I’m not sure if I have unlucky friends, or if the media has lead me to believe that all “first jobs” should make you slum it as a low-level employee making no choices for yourself and getting bossed around by superiors. Either way, I surely didn’t expect to have the ability to take my career – or rather my entire life – into my own hands as a recent college graduate, only in the workforce for 5 months.

Sometimes things happen in your life and they light a fire within you. You feel motivated to do something new, something for yourself that you never imagined. As a lifelong Northeast Ohioan, that defining moment for me was after putting down “Wild,” a book by Cheryl Strayed. Cheryl went out on a limb and did something that was 100% for herself, a selfish but necessary adventure to hike the Pacific Crest Trail all by herself. That’s when I realized I needed to go somewhere on my own – big city life was calling my name.

I grew up in a small town near Warren, Ohio; I went to college at Kent State University – a whopping 45 minutes from my hometown; I landed my first job at Fathom in Cleveland. Northeast Ohio is my safe zone. But what do you do when you love your job and want a change of scenery? When you’re not sure if you want to make a long-term move? The risk of quitting a good job to find something new in a place you might end up hating is… scary.

Piece of advice: When you want something, ask for it. That’s all it took. When a company invests in its employees, it’s not just about the work. A good company empowers you to reach new heights in your personal and professional life. I started thinking about the possibilities and reached out to my direct support for some guidance. Next thing I knew, not only did I have my request to work in our Chicago office approved, but I was making plans for a quick transition out of Ohio. Within a month, I was packing my bags. To be honest, my coworkers at Fathom were far more supportive of my spur-of-the-moment decision to move than my family was.

I ended up spending two months in Chicago. My hour-long drive to the Cleveland office was replaced with public transportation to the Loop. My quiet neighborhood turned into city hustle and bustle. For me, two months was enough. But knowing I could stay as long as I wanted or come back in a few weeks was reassuring. I gained a new appreciation for Northeast Ohio – and the company that let me leave it.

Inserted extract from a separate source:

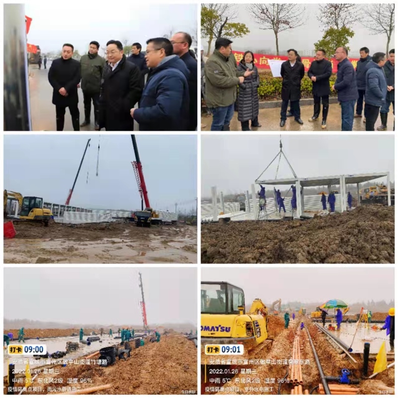 截止1月26日,現場已完成10000平方米混凝土硬化,雨污水管道、室外水電管道安裝進展迅速,集裝箱板房開始拼裝。天氣惡劣、工期緊迫,一線人員努力克服各種困難和障礙,迎難而上。1月25日下午,區政府召開宣州區新冠肺炎疫情防控工作專題會議,審定了隔離點項目方案,明確了相關事項,會議對施工進度和現場管理給予了充分的肯定,同時也要求在嚴把工程質量關和隔離點各項要求的基礎上,倒排工期,加快施工,確保早日交付使用。

I got to maintain communication with all my friends back in the Cleveland office while exploring a new place and enjoying plenty of new experiences in the Windy City. I didn’t have to change jobs, my daily responsibilities remained the same, and I felt truly in control of my own life and my own success. I gained a sense of independence that I didn’t previously have. I left the bubble of Northeast Ohio, if only for a little while. And it was the best decision I ever made.

About Abby Dunn

One Comment

  • Seth Waite says:


    Love the personal story about asking for opportunities. If you are a great employee there is little (within reason) your employer won’t want to do to help you continue to be successful and happy. We have a hackation policy at our office which allows employees to go work at any of our locations for a working-vacation the company supports. It’s the little things that make a big difference. Empowering employees to have new experiences though makes a big difference. Glad you enjoyed the windy-city.